My View: Spring Cleaning

 

My View: Spring Cleaning

 

Date: March 29, 2012
by: Jeffrey Weisman | Contributing Columnist

 
 

 

Today’s column will “clean up” some things I’ve been thinking about. I welcome your comments, whether pro or con.

Raised Pavement Markers
All drivers have experienced the sound tires make going over those raised pavement markers, RPMs. “Pitta, pitta, pitta, pitta, pitta, pitta … ” Loud, rude, unexpected. They perform a valuable service, alerting you that your car has drifted too close to the side of the road.

Have you driven north on Midnight Pass just as it curves right onto Higel Avenue? There’s a new installation of RPMs. When the light is green, most drivers don’t slow down. They veer too close to the right, into the sidewalk area, and hit those RPMs.

Walkers, bikers: Beware.

Can you name other places where we could benefit from RPMs? What about the Midnight Pass curve just south of St. Michael’s Church? We’re supposed to slow down to 25 mph from 40 mph. You can’t see around the bend. Let’s install them there.

Higel Avenue curves right onto Ocean Boulevard just south of the Midnight Pass light. Drivers curl around that corner at full speed, tires carving the corner of the pedestrian path. Install them there and also heading north where Higel becomes Siesta Drive.

Any other appropriate locations? Tell the traffic department. RPMs benefit us all.

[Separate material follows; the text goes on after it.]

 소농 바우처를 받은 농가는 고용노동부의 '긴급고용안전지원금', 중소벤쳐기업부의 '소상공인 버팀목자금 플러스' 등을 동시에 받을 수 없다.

The ‘youts’ of Siesta Key Village
Joe Pesci, in the film “My Cousin Vinny,” spoke about “youts,” who we call “youths.” Well, a colleague writer in this space spoke negatively of the Siesta Village atmosphere at night becoming “party central.”

What’s wrong with parties? The Siesta Key appeal starts with the No. 1 beach in the country. It extends to the casual nature of our island, the charm of the Village.

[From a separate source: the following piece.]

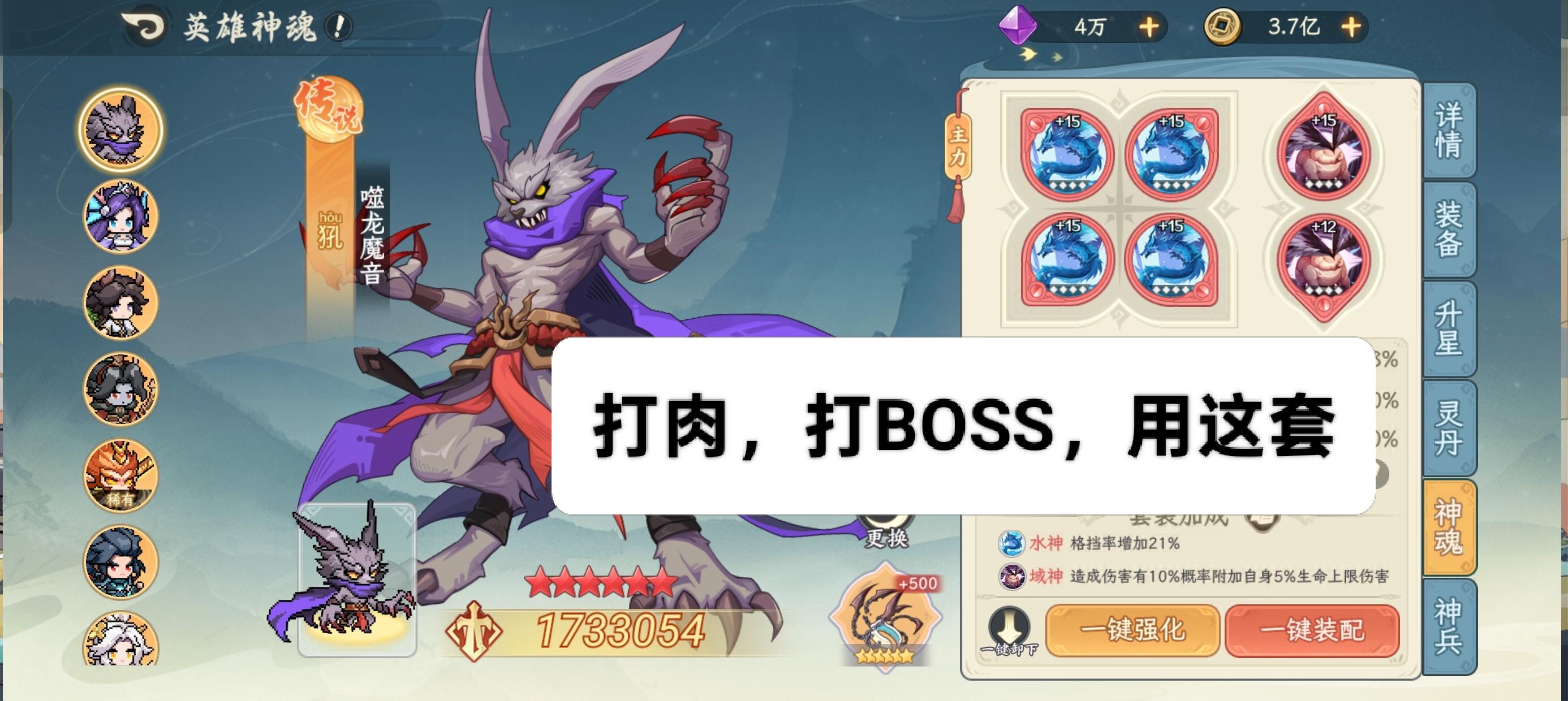 我今天刚通关的昆仑,46天的零氪玩家,来分享一下通关配置和心得,嫦娥7+5,神农10+5图1,图3是嫦娥神农不带神魂的面板图2,图4是圣物情况图3,图6是神兵洗练神魂看清楚位置,命魂没+15,所以我没洗3格挡力魂可以不升,+9也没多少资源,随便天地魂用+15星神,伤害减免和防御加成(几星无所谓,没有高星拉低星就行,舍不得拉低星就忍一忍)锤子要9星秘技带回血除了有巢和BOSS都能打

Yes, our resident population skews older: the median age is 62.7; 63.5% are 55-plus. But growing older does not mean losing the energy of youth, the joy of a party.

The bars and casual restaurants of our Village attract young people. Many of us older than 60 want to be around people in their 20s and 30s. We want to share that youthful exuberance.

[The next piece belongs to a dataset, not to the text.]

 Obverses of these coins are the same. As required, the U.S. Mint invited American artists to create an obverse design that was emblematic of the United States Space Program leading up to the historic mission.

Restaurants make their money from sales of alcoholic beverages. “Serious” dinner places for seniors offer a limited attraction: fewer beverage sales and empty tables after 9 p.m. The “youts” keep them afloat.

How boring is a restaurant filled with people who look and sound just like you! Moreover, major national marketers target the 21 to 35 segment; television programmers, too.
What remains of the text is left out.